Fire was discovered by the night watchman near a coal bin by the engine room, about 3 a.m. The shops had been shut down for two days for repairs to the boilers and furnaces and there was no steam to blow the whistle which is the way alarms of fire are usually given in Belmont. The night watchman is a Sweed and speaks little English, but finally succeeded in rousing people living nearby. The Belmont fire department soon had several hose in play, but the fire swept rapidly through the big plant and within thirty minutes of the time it was discovered the long L-shaped machine shop was wrapped in flames, and the heat was so intense it was impossible to get within thirty feet of the building.

The flames shooting high lighted up the entire valley and many people were roused by the bright light. Nearby telephone lines were burned and a wagon shop across Greenwich Street, owned and operated by Clark Haynes, was entirely consumed. Houses nearby several times caught fire and only by the most strenuous work did the firemen keep the flames from wiping out a whole section of the town.

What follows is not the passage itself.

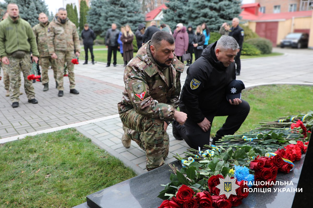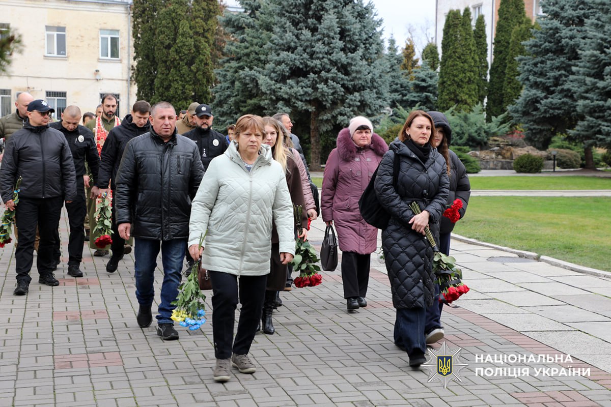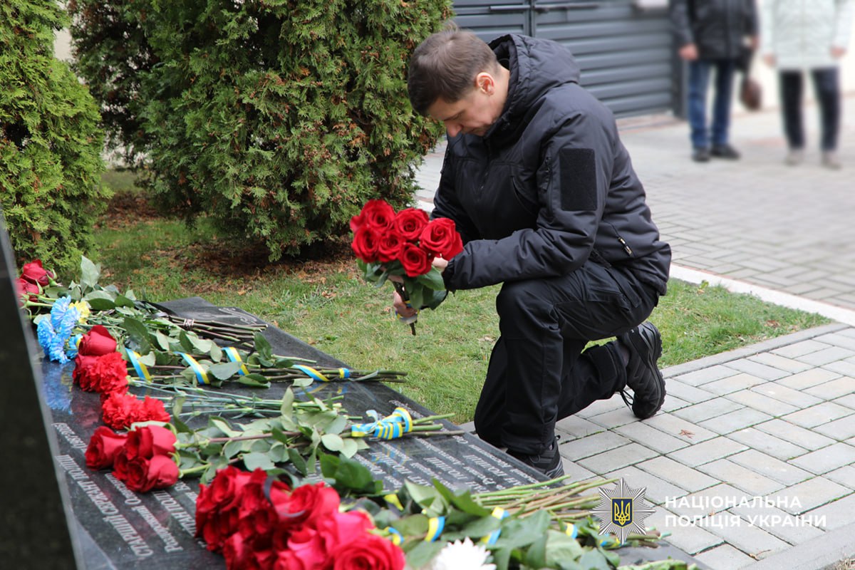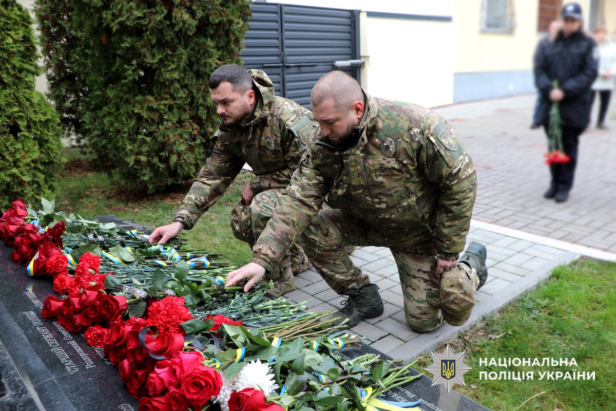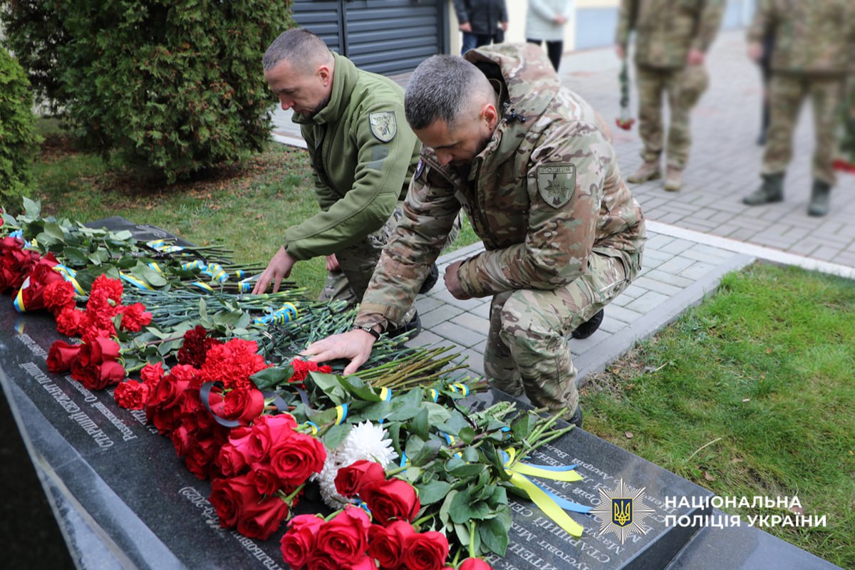 Памʼятний захід закінчили покладанням квітів до пам’ятного знаку, де в граніті навіки закарбовані імена загиблих поліцейських.

The pressure on the village gravity water line lessened after the first half hours fighting but about 6 a.m. a special train on the Erie railroad brought the Genesee Steamer Co. with their steamer from Wellsville. The steamer pumped two streams from the river and obviated all danger of further spread of the fire.

The most plausible theory of the origin of the fire is spontaneous combustion from coal dust.

The loss is largely covered by insurance. The officers of the company decline to make an estimate as yet of the total loss. President William P. Clark, of the company is in New York City. Vice-President, Charles E. Clark, of Wellsville, issued the following statement:

The business of Clark Bros. Co., will be continued. The repair orders and rush orders for immediate delivery will be promptly executed by the Clark & Norton branch shops at Wellsville. The patterns, pattern house, ware houses, containing finished machinery and part, also large stock of castings are all saved. Plans for immediate rebuilding under consideration
(Signed) CLARK BROS. CO.

Quarters for office work are being fitted out in one of the warehouses.

Clark Bros. Co. are one of the largest manufacturers of saw mill machinery and automatic and Corliss steam engines in the United States.